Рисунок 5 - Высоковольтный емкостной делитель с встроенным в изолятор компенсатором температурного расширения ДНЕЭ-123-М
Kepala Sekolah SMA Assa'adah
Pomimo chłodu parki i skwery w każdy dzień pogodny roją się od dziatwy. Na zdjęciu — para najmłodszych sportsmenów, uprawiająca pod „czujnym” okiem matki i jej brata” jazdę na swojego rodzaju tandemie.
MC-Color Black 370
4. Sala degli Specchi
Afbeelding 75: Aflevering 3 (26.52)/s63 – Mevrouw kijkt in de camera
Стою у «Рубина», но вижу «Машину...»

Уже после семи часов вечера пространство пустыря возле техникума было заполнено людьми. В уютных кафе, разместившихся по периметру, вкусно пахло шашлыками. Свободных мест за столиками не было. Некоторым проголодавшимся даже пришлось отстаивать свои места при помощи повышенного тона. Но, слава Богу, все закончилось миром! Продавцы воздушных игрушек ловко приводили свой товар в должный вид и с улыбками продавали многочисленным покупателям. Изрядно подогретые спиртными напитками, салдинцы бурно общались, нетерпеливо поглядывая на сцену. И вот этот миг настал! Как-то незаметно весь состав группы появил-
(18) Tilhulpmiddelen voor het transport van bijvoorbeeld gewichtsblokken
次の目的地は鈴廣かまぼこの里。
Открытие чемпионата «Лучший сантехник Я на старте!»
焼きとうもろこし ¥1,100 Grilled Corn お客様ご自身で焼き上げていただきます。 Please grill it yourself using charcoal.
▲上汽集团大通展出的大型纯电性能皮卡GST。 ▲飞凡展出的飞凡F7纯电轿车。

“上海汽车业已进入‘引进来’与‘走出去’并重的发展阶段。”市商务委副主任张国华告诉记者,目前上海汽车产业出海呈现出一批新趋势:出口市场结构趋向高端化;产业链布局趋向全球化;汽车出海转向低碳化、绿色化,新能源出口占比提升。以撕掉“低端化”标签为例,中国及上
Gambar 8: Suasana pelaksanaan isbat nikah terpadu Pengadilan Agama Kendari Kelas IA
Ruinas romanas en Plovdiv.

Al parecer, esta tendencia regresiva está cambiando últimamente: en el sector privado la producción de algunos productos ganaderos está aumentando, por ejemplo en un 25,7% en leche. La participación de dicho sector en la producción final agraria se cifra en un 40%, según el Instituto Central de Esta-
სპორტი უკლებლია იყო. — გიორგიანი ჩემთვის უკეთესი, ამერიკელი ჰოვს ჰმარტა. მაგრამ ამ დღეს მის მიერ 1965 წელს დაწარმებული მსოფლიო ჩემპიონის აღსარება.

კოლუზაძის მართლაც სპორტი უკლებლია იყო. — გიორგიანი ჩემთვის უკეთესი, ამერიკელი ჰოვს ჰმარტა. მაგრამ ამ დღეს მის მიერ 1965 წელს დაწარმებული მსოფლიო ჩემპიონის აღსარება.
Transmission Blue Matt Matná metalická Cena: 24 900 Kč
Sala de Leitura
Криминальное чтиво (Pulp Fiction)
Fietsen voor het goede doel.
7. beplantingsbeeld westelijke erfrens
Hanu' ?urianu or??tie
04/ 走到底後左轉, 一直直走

************

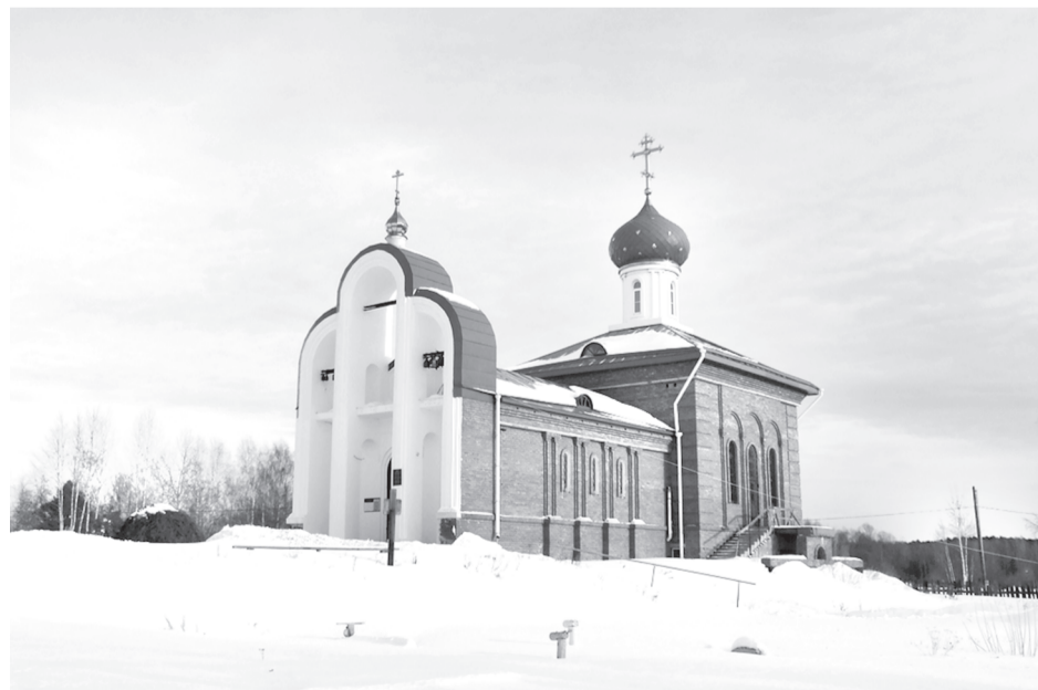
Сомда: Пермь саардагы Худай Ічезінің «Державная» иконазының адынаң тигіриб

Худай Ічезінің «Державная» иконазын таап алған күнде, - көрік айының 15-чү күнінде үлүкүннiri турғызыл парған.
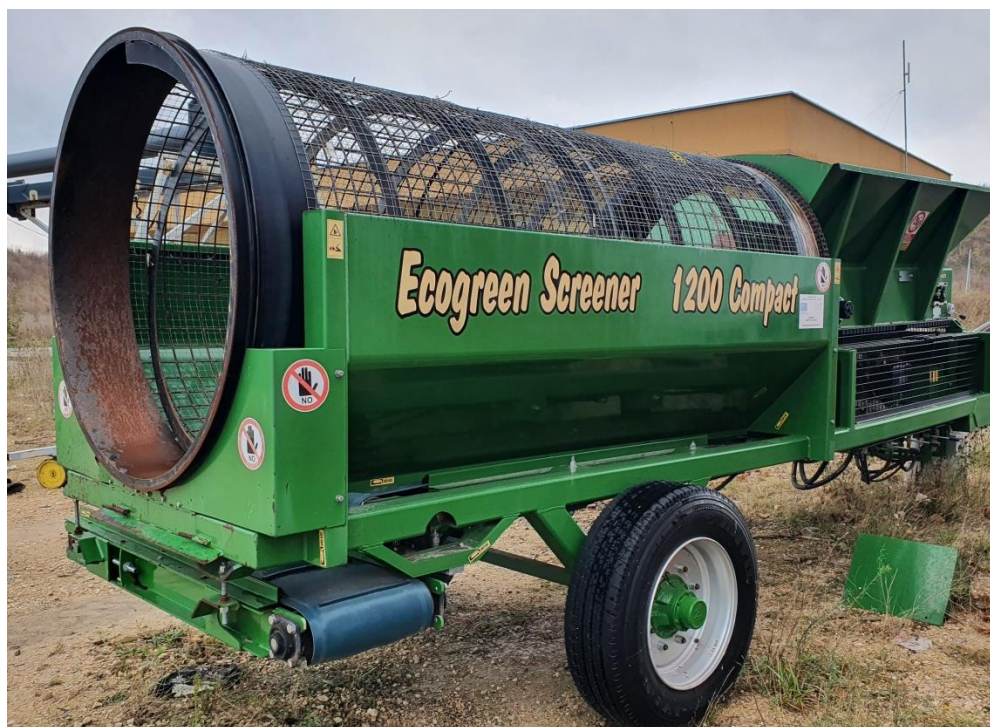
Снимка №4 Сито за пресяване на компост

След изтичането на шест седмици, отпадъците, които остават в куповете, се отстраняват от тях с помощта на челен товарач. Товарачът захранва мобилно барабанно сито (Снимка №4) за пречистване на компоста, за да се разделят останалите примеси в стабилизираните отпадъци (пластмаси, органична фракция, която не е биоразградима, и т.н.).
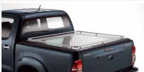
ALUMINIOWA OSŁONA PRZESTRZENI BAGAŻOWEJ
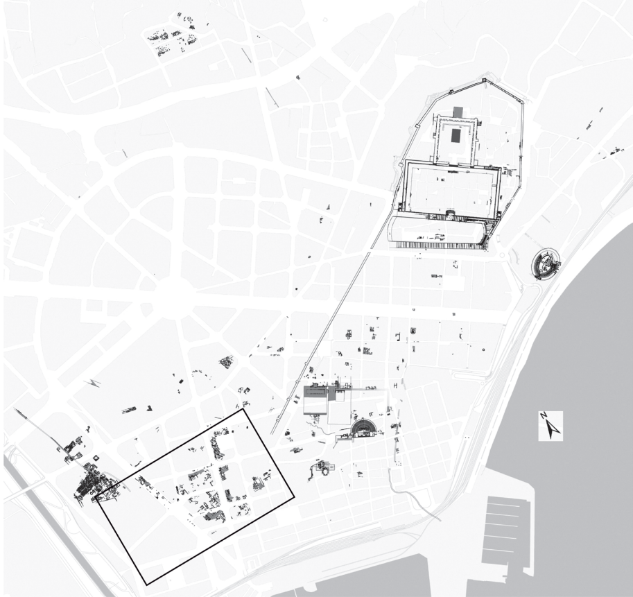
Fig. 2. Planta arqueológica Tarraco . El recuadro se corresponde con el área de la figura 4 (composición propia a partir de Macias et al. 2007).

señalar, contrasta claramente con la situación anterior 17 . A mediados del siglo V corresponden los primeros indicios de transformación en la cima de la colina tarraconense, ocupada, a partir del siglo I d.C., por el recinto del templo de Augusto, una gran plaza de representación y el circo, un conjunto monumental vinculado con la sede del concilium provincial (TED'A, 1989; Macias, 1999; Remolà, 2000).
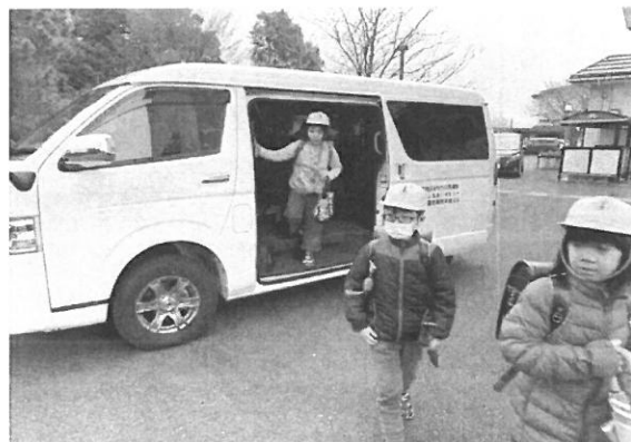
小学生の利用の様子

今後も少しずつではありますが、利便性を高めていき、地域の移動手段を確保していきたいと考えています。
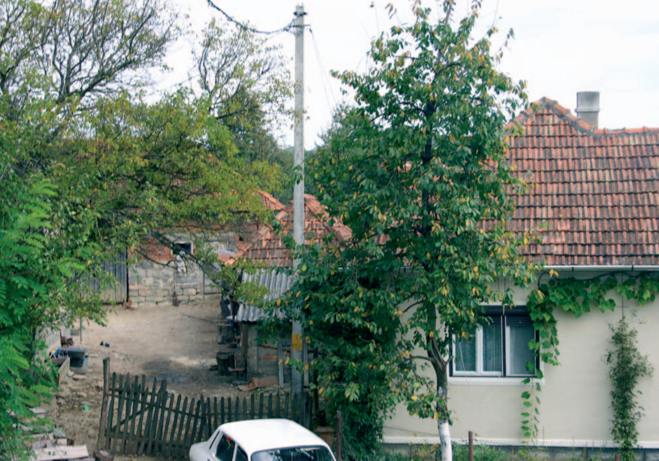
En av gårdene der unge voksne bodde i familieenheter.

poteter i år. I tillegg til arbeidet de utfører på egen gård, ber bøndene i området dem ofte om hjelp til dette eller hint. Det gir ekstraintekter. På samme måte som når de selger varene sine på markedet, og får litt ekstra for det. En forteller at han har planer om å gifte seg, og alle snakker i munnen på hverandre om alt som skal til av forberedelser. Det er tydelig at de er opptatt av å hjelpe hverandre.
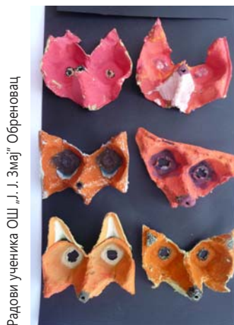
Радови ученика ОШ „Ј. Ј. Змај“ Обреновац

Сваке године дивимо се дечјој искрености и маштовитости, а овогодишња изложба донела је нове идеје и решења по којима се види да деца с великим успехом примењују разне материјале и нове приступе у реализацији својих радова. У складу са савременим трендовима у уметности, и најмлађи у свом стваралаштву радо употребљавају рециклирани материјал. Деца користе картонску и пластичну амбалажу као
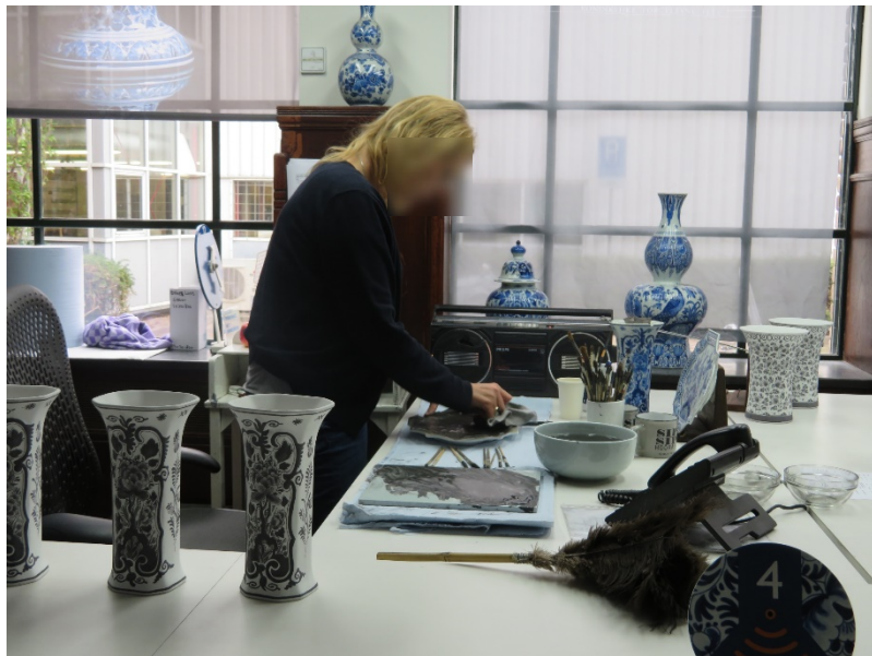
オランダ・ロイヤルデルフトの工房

************

Return word for word the lines above from the line with "сантехник Я на" to the line with "Ruinas romanas en Plovdiv.", including both and leaving out all others.

Открытие чемпионата «Лучший сантехник Я на старте!»
焼きとうもろこし ¥1,100 Grilled Corn お客様ご自身で焼き上げていただきます。 Please grill it yourself using charcoal.
▲上汽集团大通展出的大型纯电性能皮卡GST。 ▲飞凡展出的飞凡F7纯电轿车。

“上海汽车业已进入‘引进来’与‘走出去’并重的发展阶段。”市商务委副主任张国华告诉记者,目前上海汽车产业出海呈现出一批新趋势:出口市场结构趋向高端化;产业链布局趋向全球化;汽车出海转向低碳化、绿色化,新能源出口占比提升。以撕掉“低端化”标签为例,中国及上
Gambar 8: Suasana pelaksanaan isbat nikah terpadu Pengadilan Agama Kendari Kelas IA
Ruinas romanas en Plovdiv.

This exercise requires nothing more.